» WHAT THE TASK ASKS:
Line by line, the data below should be set down unchanged, with images excluded.

» GIVEN DATA:

== == ==

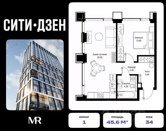 Продается 1-комнатная квартира от застройщика в жилом мультиквартале СИТИДЗЕН на 12-м этаже в корпусе #7. Общая площадь лота составляет 40.50 м² В лобби корпуса #7 представлены: 1. Small-лобби с зоной отдыха 2. Почта 3. Колясочная 4. Лапомойка 5. Лифтовой холл 6. Санузел 7. Помещение уборочного инвентаря СИТИДЗЕН — это большой город в миниатюре. Инфраструктура мультиквартала организована по принципу шаговой доступности от подъезда до любой нужной точки: супермаркета, кофейни, салона красоты, фитнес-центра и др. В домах представлены лобби с атмосферой премиального резорта, дизайн которых вдохновлен французскими интерьерами 1960-х годов. Концепция благоустройства территории мультиквартала предусматривает большое количество вечнозеленых растений, что создает ощущение максимальной близости к природе. Жителей квартала ждут места для отдыха, игр, занятий спортом и прогулок с домашними питомцами. В приватном дворе с собственным садом предусмотрена зеленая комьюнити-гостиная для дружеского отдыха и общения, одна из стен которой подходит для кинопроекций, а также зеленый рабочий кабинет в саду (бизнес-гардена), оборудованный wi-fi станцией и usb-разъёмами для зарядки устройств. Маленьких жителей ждут авторские игровые площадки для разных возрастных групп (от 0 до 12 лет). Начало строительства - 1 квартал 2024 года. Окончание строительства - 3 квартал 2027 года.Компания MR предлагает своим клиентам специальные условия приобретения квартир в рамках программ ипотечного кредитования от банков-партнеров.
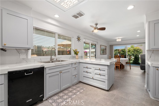 This single-level home in the San Juan Hills West community offers two bedrooms and three bathrooms. There is also a den/office which could be also a 3rd bedroom as it has a closet and en suite bathroom. The home is situated on a corner lot and is part of a 55+ community, providing a peaceful neighborhood setting. The corner location creates a serene and tranquil atmosphere with ample patios for al fresco dining and enjoying the outdoors. The interior of the home has been upgraded, offering a comfortable and updated living experience. The kitchen has porcelain tile counters and two sinks for ease in preparing meals. Other upgrades include: tankless water heater, newer HVAC, gas line installed for the outdoor BBQ, and newer front door. Amenities abound in San Juan Hills West complete with a swimming pool just steps away, nearby golf course, and conveniently located near the 5 Freeway.Interested in this Listing?
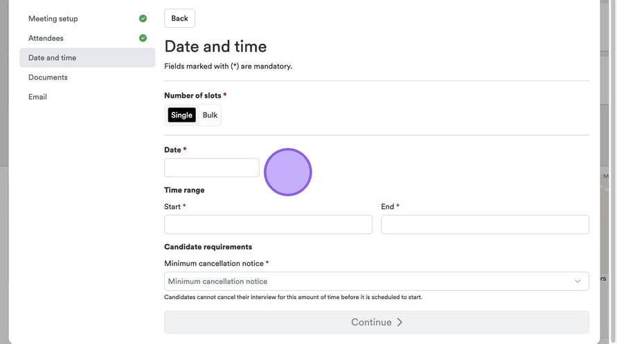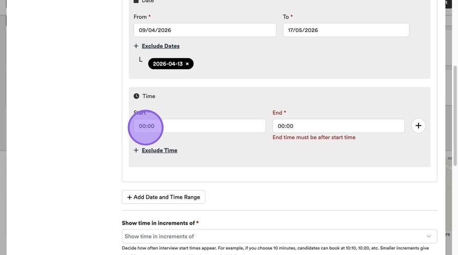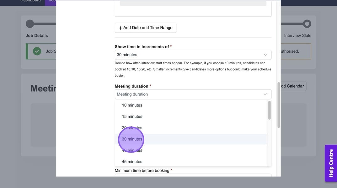 Click "Minimum time before booking" to specify the amount of time a candidate has to book an interview before it's due to start.

== == ==

» EXERCISE ANSWER:
 Продается 1-комнатная квартира от застройщика в жилом мультиквартале СИТИДЗЕН на 12-м этаже в корпусе #7. Общая площадь лота составляет 40.50 м² В лобби корпуса #7 представлены: 1. Small-лобби с зоной отдыха 2. Почта 3. Колясочная 4. Лапомойка 5. Лифтовой холл 6. Санузел 7. Помещение уборочного инвентаря СИТИДЗЕН — это большой город в миниатюре. Инфраструктура мультиквартала организована по принципу шаговой доступности от подъезда до любой нужной точки: супермаркета, кофейни, салона красоты, фитнес-центра и др. В домах представлены лобби с атмосферой премиального резорта, дизайн которых вдохновлен французскими интерьерами 1960-х годов. Концепция благоустройства территории мультиквартала предусматривает большое количество вечнозеленых растений, что создает ощущение максимальной близости к природе. Жителей квартала ждут места для отдыха, игр, занятий спортом и прогулок с домашними питомцами. В приватном дворе с собственным садом предусмотрена зеленая комьюнити-гостиная для дружеского отдыха и общения, одна из стен которой подходит для кинопроекций, а также зеленый рабочий кабинет в саду (бизнес-гардена), оборудованный wi-fi станцией и usb-разъёмами для зарядки устройств. Маленьких жителей ждут авторские игровые площадки для разных возрастных групп (от 0 до 12 лет). Начало строительства - 1 квартал 2024 года. Окончание строительства - 3 квартал 2027 года.Компания MR предлагает своим клиентам специальные условия приобретения квартир в рамках программ ипотечного кредитования от банков-партнеров.
 This single-level home in the San Juan Hills West community offers two bedrooms and three bathrooms. There is also a den/office which could be also a 3rd bedroom as it has a closet and en suite bathroom. The home is situated on a corner lot and is part of a 55+ community, providing a peaceful neighborhood setting. The corner location creates a serene and tranquil atmosphere with ample patios for al fresco dining and enjoying the outdoors. The interior of the home has been upgraded, offering a comfortable and updated living experience. The kitchen has porcelain tile counters and two sinks for ease in preparing meals. Other upgrades include: tankless water heater, newer HVAC, gas line installed for the outdoor BBQ, and newer front door. Amenities abound in San Juan Hills West complete with a swimming pool just steps away, nearby golf course, and conveniently located near the 5 Freeway.Interested in this Listing?
 Click "Minimum time before booking" to specify the amount of time a candidate has to book an interview before it's due to start.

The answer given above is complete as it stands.